| How to complete this task |
Transcribe the listing exactly, skipping every picture.

| Input data |
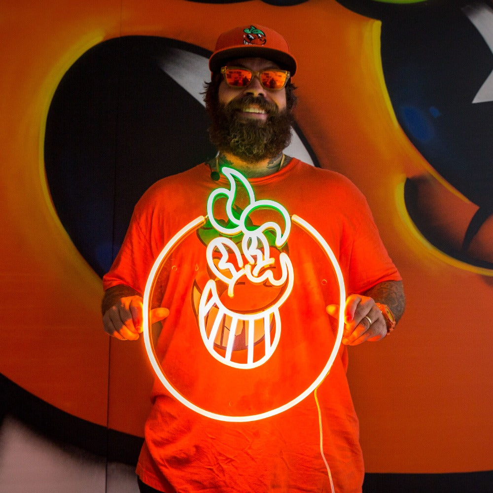 Dieses leuchtend orangefarbene Zeichen fängt jedes Detail wunderschön ein; von ATOMIKs ansteckendem Lächeln bis hin zum Funkeln in seinen lebhaften Augen - alles in einem elektrisierenden Licht, das dich hypnotisieren wird.
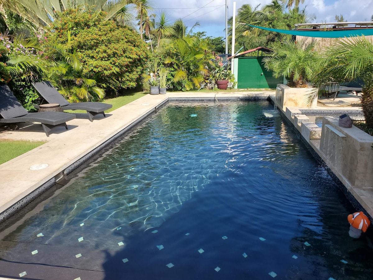 Tip smještaja:** Trouglasta brvnara - **Lokacija:** 6 minuta automobilom od plaže, restorana i supermarketa; 15 minuta od aerodroma Rafael Hernández. - **Sadržaji u sklopu objekta:** - Privatno - Bazen za dvoje (bez grijalice) - Roštilj (ugalj nije uključen) - Mali električni šporet - Frižider u stanu - Pribor za jelo, tiganj i lonac - Topla voda u tuš-kabini - Generator i cisterna - **Kuhinja:** Spoljašnjost - **Kupatilo:** Unutrašnjost brvnare - **Parking:** Unutar unutrašnjeg dvorišta
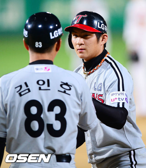 31일 오후 광주 무등구장에서 열린 2013 한국야쿠르트 세븐프로야구 KIA 타이거즈와 LG 트윈스의 경기, 7회초 무사 주자 1,3루 LG 오지환이 좌익수 앞 1타점 적시타를 날린 후 기뻐하고 있다.

| Task answer |
 Dieses leuchtend orangefarbene Zeichen fängt jedes Detail wunderschön ein; von ATOMIKs ansteckendem Lächeln bis hin zum Funkeln in seinen lebhaften Augen - alles in einem elektrisierenden Licht, das dich hypnotisieren wird.
 Tip smještaja:** Trouglasta brvnara - **Lokacija:** 6 minuta automobilom od plaže, restorana i supermarketa; 15 minuta od aerodroma Rafael Hernández. - **Sadržaji u sklopu objekta:** - Privatno - Bazen za dvoje (bez grijalice) - Roštilj (ugalj nije uključen) - Mali električni šporet - Frižider u stanu - Pribor za jelo, tiganj i lonac - Topla voda u tuš-kabini - Generator i cisterna - **Kuhinja:** Spoljašnjost - **Kupatilo:** Unutrašnjost brvnare - **Parking:** Unutar unutrašnjeg dvorišta
 31일 오후 광주 무등구장에서 열린 2013 한국야쿠르트 세븐프로야구 KIA 타이거즈와 LG 트윈스의 경기, 7회초 무사 주자 1,3루 LG 오지환이 좌익수 앞 1타점 적시타를 날린 후 기뻐하고 있다.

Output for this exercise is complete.